第32章
A very interesting case to discuss in relation to this question of adjustment is that of the barrister. A practising barrister under contemporary conditions does indeed give most typically the opportunity for examining the relation of an ordinary self-respecting wordly life, to life under the dispensation of God discovered. A barrister is usually a man of some energy and ambition, his honour is moulded by the traditions of an ancient and antiquated profession, instinctively self-preserving and yet with a real desire for consistency and respect. As a profession it has been greedy and defensively conservative, but it has never been shameless nor has it ever broken faith with its own large and selfish, but quite definite, propositions. It has never for instance had the shamelessness of such a traditionless and undisciplined class as the early factory organisers. It has never had the dull incoherent wickedness of the sort of men who exploit drunkenness and the turf. It offends within limits. Barristers can be, and are, disbarred. But it is now a profession extraordinarily out of date; its code of honour derives from a time of cruder and lower conceptions of human relationship. It apprehends the State as a mere "ring" kept about private disputations; it has not begun to move towards the modern conception of the collective enterprise as the determining criterion of human conduct. It sees its business as a mere play upon the rules of a game between man and man, or between men and men. They haggle, they dispute, they inflict and suffer wrongs, they evade dues, and are liable or entitled to penalties and compensations. The primary business of the law is held to be decision in these wrangles, and as wrangling is subject to artistic elaboration, the business of the barrister is the business of a professional wrangler; he is a bravo in wig and gown who fights the duels of ordinary men because they are incapable, very largely on account of the complexities of legal procedure, of fighting for themselves. His business is never to explore any fundamental right in the matter. His business is to say all that can be said for his client, and to conceal or minimise whatever can be said against his client. The successful promoted advocate, who in Britain and the United States of America is the judge, and whose habits and interests all incline him to disregard the realities of the case in favour of the points in the forensic game, then adjudicates upon the contest. . . .

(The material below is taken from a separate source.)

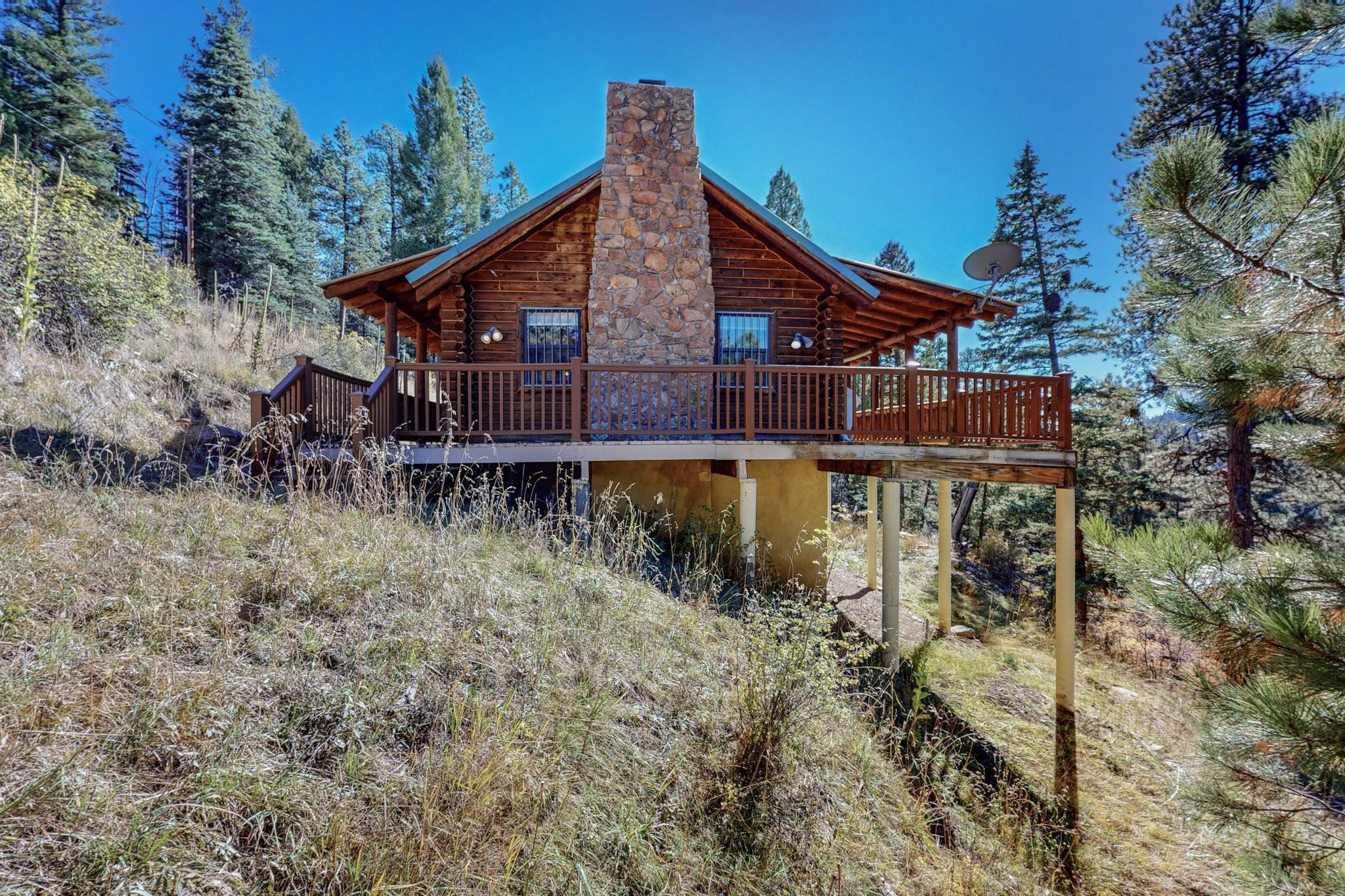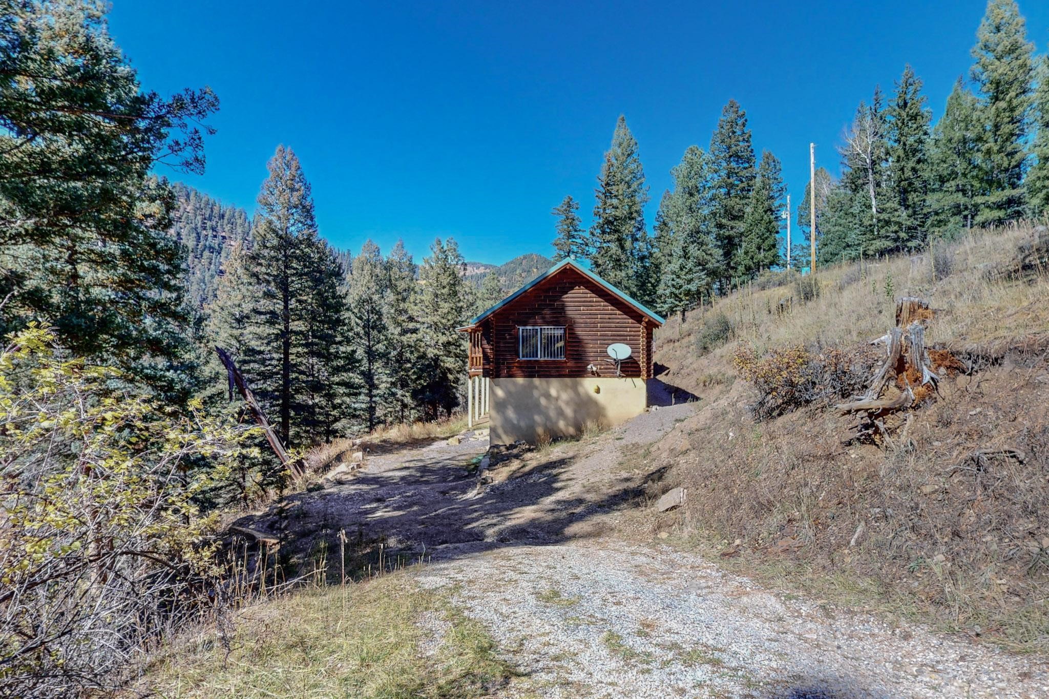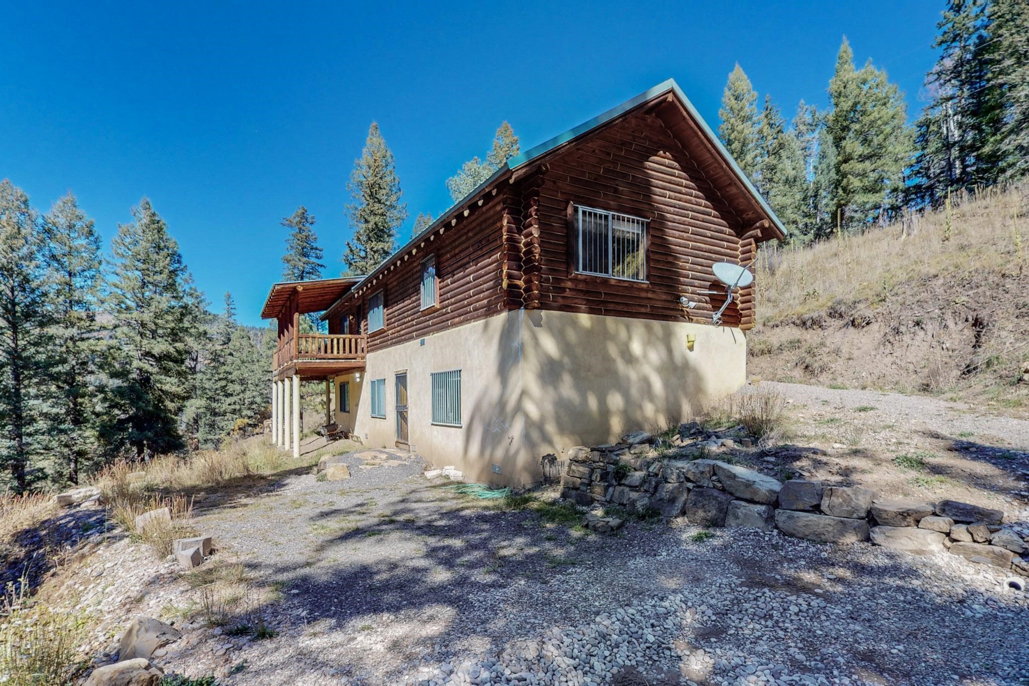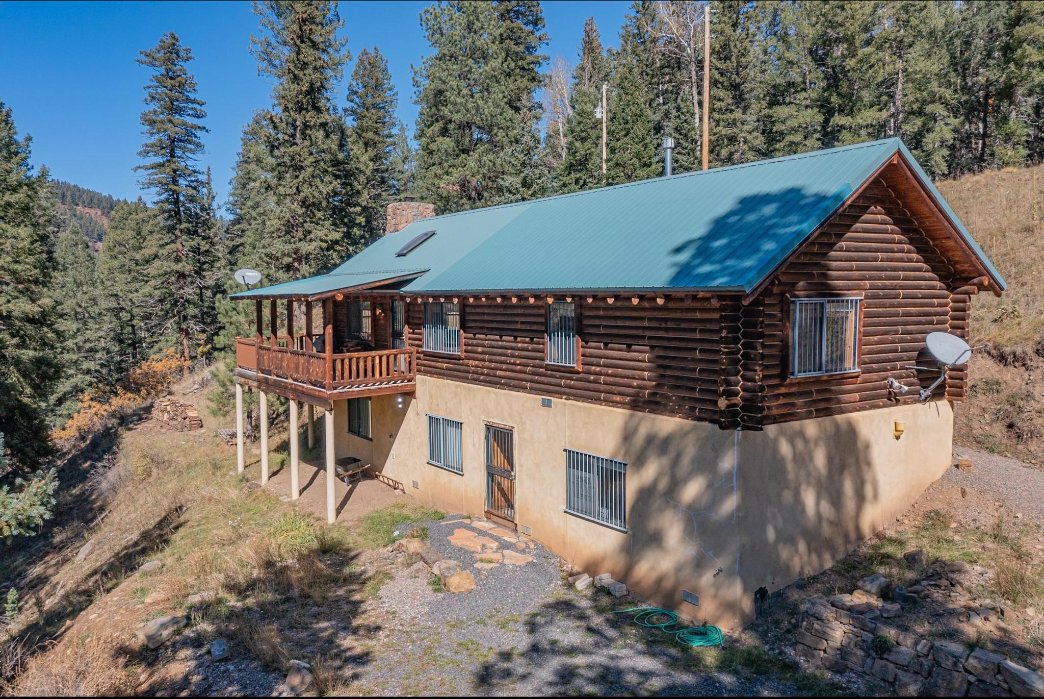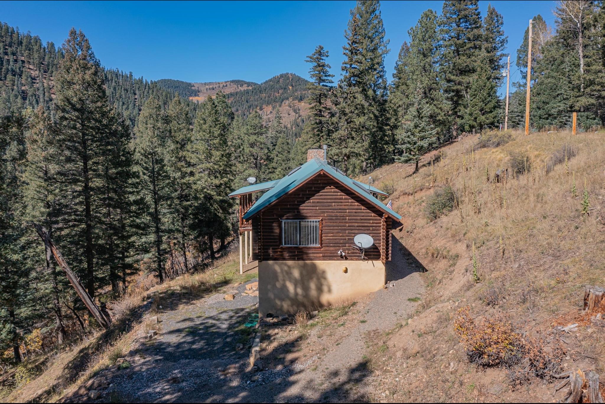 What folks say they want, Mountain cabin with stunning views at Pecos Canyon Estates, an hour east of Santa Fe just before the Pecos Wilderness accessed from Iron Gate Road. The listing includes 5 legal lots of record allowing for additional structures. The construction is log and block, 2 levels and includes private well, wrap around deck, rock fireplace, 1 bedroom and 2 baths. The upper portion is from well regarded Air-Lock Log Homes from Las Vegas, New Mexico. The home is 2/3rds completed, upper level with living room, kitchen, laundry area, primary bedroom and bath is finished and the lower level has finished bathroom and partially completed open spaces, priced at $369,000 accordingly. Additional features include land line telephone, internet with Wi-Fi, lift chair to lower level, propane heat above and baseboard electric heat below, and a private setting at the end of a country lane. There are no CCR's or a home owners association.

Now this condition of things is clearly incompatible with the modern conception of the world as becoming a divine kingdom. When the world is openly and confessedly the kingdom of God, the law court will exist only to adjust the differing views of men as to the manner of their service to God; the only right of action one man will have against another will be that he has been prevented or hampered or distressed by the other in serving God. The idea of the law court will have changed entirely from a place of dispute, exaction and vengeance, to a place of adjustment. The individual or some state organisation will plead ON BEHALF OF THE COMMON GOODeither against some state official or state regulation, or against the actions or inaction of another individual. This is the only sort of legal proceedings compatible with the broad beliefs of the new faith. . . . Every religion that becomes ascendant, in so far as it is not otherworldly, must necessarily set its stamp upon the methods and administration of the law. That this was not the case with Christianity is one of the many contributory aspects that lead one to the conviction that it was not Christianity that took possession of the Roman empire, but an imperial adventurer who took possession of an all too complaisant Christianity.
Reverting now from these generalisations to the problem of the religious from which they arose, it will have become evident that the essential work of anyone who is conversant with the existing practice and literature of the law and whose natural abilities are forensic, will lie in the direction of reconstructing the theory and practice of the law in harmony with modern conceptions, of making that theory and practice clear and plain to ordinary men, of reforming the abuses of the profession by working for the separation of bar and judiciary, for the amalgamation of the solicitors and the barristers, and the like needed reforms. These are matters that will probably only be properly set right by a quickening of conscience among lawyers themselves. Of no class of men is the help and service so necessary to the practical establishment of God's kingdom, as of men learned and experienced in the law. And there is no reason why for the present an advocate should not continue to plead in the courts, provided he does his utmost only to handle cases in which he believes he can serve the right. Few righteous cases are ill-served by a frank disposition on the part of lawyer and client to put everything before the court. Thereby of course there arises a difficult case of conscience. What if a lawyer, believing his client to be in the right, discovers him to be in the wrong? He cannot throw up the case unless he has been scandalously deceived, because so he would betray the confidence his client has put in him to "see him through." He has a right to "give himself away," but not to "give away" his client in this fashion. If he has a chance of a private consultation I think he ought to do his best to make his client admit the truth of the case and give in, but failing this he has no right to be virtuous on behalf of another.